## WHAT NEEDS TO BE DONE:
When you reach the line with "Este cloruro de" in the records below, begin transcribing exactly and continue up to and including the line with "Phacelia tanacetifolia is", leaving out every picture.

## Data entries:
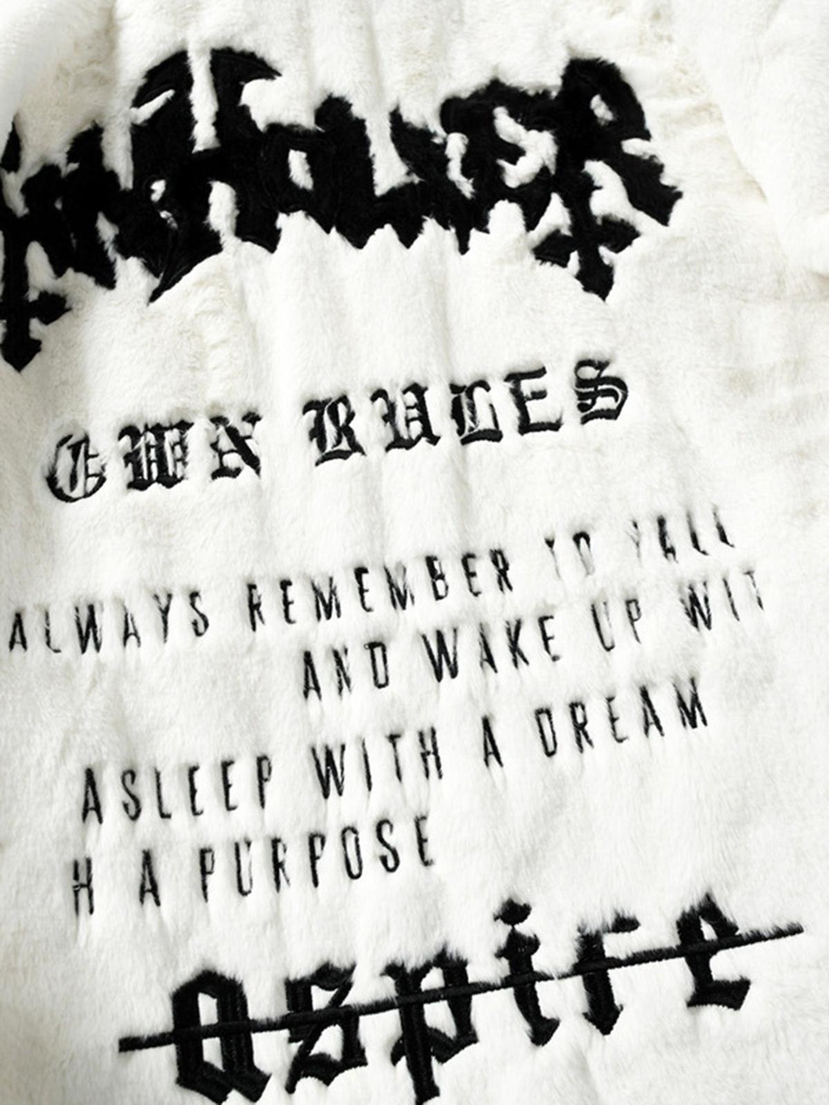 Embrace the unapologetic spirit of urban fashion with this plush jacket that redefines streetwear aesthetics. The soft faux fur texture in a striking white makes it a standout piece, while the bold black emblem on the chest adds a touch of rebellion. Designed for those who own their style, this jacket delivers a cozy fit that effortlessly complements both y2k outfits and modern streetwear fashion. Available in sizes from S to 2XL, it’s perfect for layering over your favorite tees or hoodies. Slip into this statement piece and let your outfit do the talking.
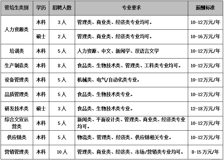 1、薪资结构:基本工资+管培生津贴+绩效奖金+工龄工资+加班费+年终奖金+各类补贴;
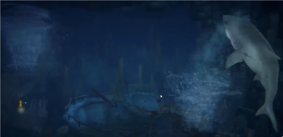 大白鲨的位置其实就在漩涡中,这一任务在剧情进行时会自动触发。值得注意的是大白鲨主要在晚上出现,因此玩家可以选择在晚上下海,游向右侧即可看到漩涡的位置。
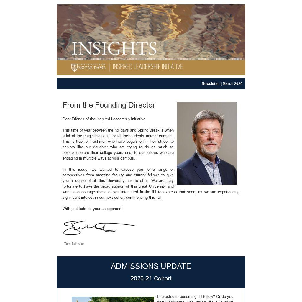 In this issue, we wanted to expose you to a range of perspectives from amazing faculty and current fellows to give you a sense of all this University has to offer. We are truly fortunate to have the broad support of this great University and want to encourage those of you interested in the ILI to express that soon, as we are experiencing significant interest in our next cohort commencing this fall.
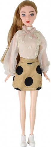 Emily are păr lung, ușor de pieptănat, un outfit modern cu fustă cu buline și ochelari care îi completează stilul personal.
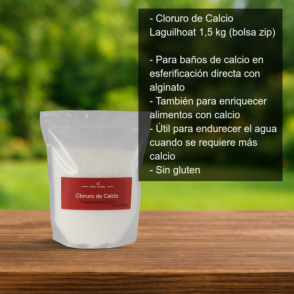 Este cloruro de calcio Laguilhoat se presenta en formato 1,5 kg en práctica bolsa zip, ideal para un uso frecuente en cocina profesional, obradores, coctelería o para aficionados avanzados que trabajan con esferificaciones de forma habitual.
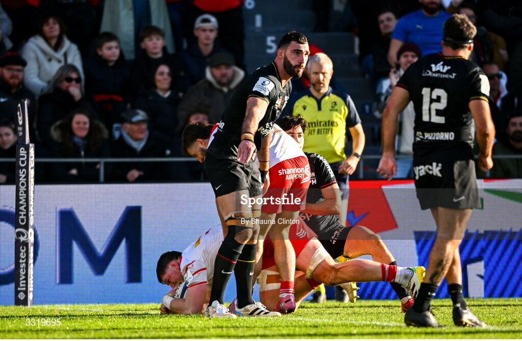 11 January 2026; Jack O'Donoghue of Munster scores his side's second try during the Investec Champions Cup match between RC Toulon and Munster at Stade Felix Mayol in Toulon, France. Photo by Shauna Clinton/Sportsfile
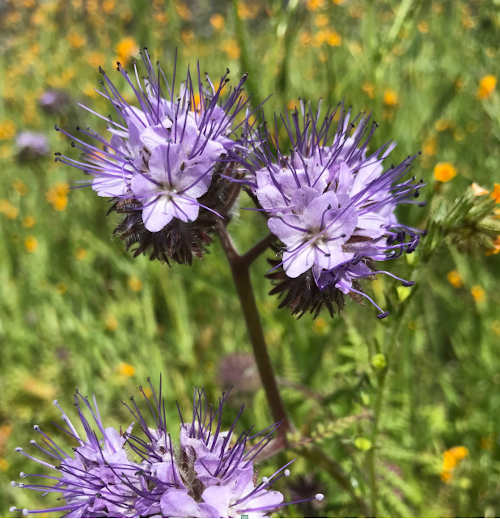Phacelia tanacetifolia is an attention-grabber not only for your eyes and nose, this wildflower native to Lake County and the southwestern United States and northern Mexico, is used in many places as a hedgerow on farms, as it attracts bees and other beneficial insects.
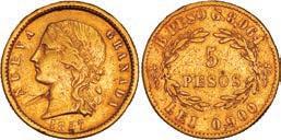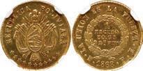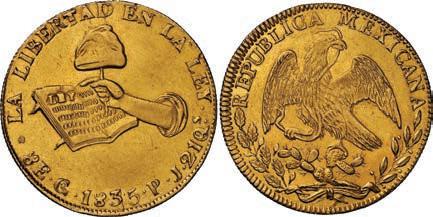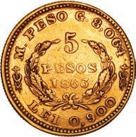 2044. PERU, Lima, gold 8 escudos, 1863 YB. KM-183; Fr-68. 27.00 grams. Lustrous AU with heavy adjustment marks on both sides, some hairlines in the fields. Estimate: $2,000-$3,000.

## RESULT BELOW:
 Este cloruro de calcio Laguilhoat se presenta en formato 1,5 kg en práctica bolsa zip, ideal para un uso frecuente en cocina profesional, obradores, coctelería o para aficionados avanzados que trabajan con esferificaciones de forma habitual.
 11 January 2026; Jack O'Donoghue of Munster scores his side's second try during the Investec Champions Cup match between RC Toulon and Munster at Stade Felix Mayol in Toulon, France. Photo by Shauna Clinton/Sportsfile
Phacelia tanacetifolia is an attention-grabber not only for your eyes and nose, this wildflower native to Lake County and the southwestern United States and northern Mexico, is used in many places as a hedgerow on farms, as it attracts bees and other beneficial insects.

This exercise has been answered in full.